**Task objective:** Once you reach the line with "پیدا کردن اشیای" below, copy each line exactly, stopping after the line with "Накануне в храме", and skip any pictures.

**Data for review:**
----------------------------------------
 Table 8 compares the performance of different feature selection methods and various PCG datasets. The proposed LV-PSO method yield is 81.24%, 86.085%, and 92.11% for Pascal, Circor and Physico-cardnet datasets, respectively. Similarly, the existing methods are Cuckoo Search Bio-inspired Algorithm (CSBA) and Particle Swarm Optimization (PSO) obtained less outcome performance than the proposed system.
----------------------------------------
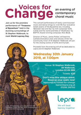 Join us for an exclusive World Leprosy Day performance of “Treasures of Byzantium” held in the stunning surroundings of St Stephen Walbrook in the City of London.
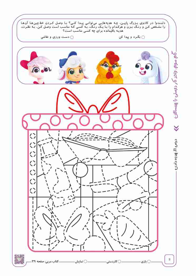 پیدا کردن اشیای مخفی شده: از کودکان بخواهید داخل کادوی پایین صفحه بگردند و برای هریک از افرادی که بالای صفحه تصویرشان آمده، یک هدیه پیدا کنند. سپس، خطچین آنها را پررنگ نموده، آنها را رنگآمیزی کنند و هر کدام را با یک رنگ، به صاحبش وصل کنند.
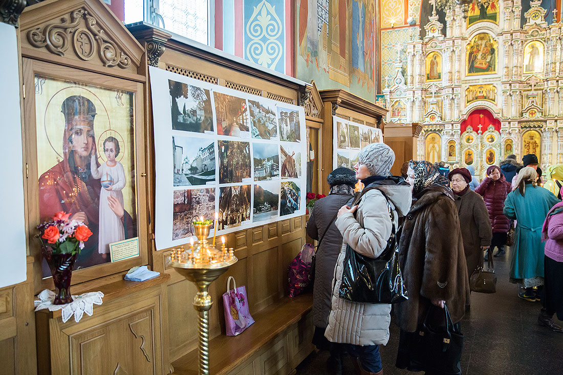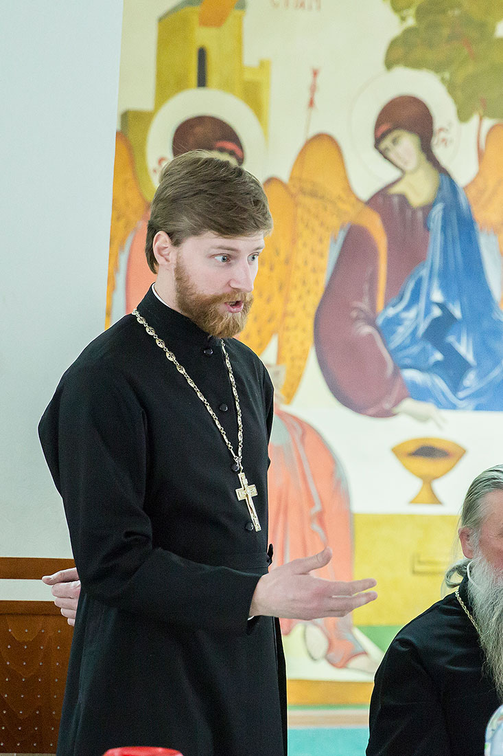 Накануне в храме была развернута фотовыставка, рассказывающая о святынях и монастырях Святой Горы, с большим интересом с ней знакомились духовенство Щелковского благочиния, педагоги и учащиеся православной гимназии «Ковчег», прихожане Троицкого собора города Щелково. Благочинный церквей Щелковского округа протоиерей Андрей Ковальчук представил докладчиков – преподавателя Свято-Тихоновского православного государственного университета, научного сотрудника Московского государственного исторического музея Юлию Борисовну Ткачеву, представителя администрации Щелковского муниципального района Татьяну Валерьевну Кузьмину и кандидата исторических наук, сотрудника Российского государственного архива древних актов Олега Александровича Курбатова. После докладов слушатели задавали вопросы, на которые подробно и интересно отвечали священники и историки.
----------------------------------------
**Response to this exercise:**
 پیدا کردن اشیای مخفی شده: از کودکان بخواهید داخل کادوی پایین صفحه بگردند و برای هریک از افرادی که بالای صفحه تصویرشان آمده، یک هدیه پیدا کنند. سپس، خطچین آنها را پررنگ نموده، آنها را رنگآمیزی کنند و هر کدام را با یک رنگ، به صاحبش وصل کنند.
 Накануне в храме была развернута фотовыставка, рассказывающая о святынях и монастырях Святой Горы, с большим интересом с ней знакомились духовенство Щелковского благочиния, педагоги и учащиеся православной гимназии «Ковчег», прихожане Троицкого собора города Щелково. Благочинный церквей Щелковского округа протоиерей Андрей Ковальчук представил докладчиков – преподавателя Свято-Тихоновского православного государственного университета, научного сотрудника Московского государственного исторического музея Юлию Борисовну Ткачеву, представителя администрации Щелковского муниципального района Татьяну Валерьевну Кузьмину и кандидата исторических наук, сотрудника Российского государственного архива древних актов Олега Александровича Курбатова. После докладов слушатели задавали вопросы, на которые подробно и интересно отвечали священники и историки.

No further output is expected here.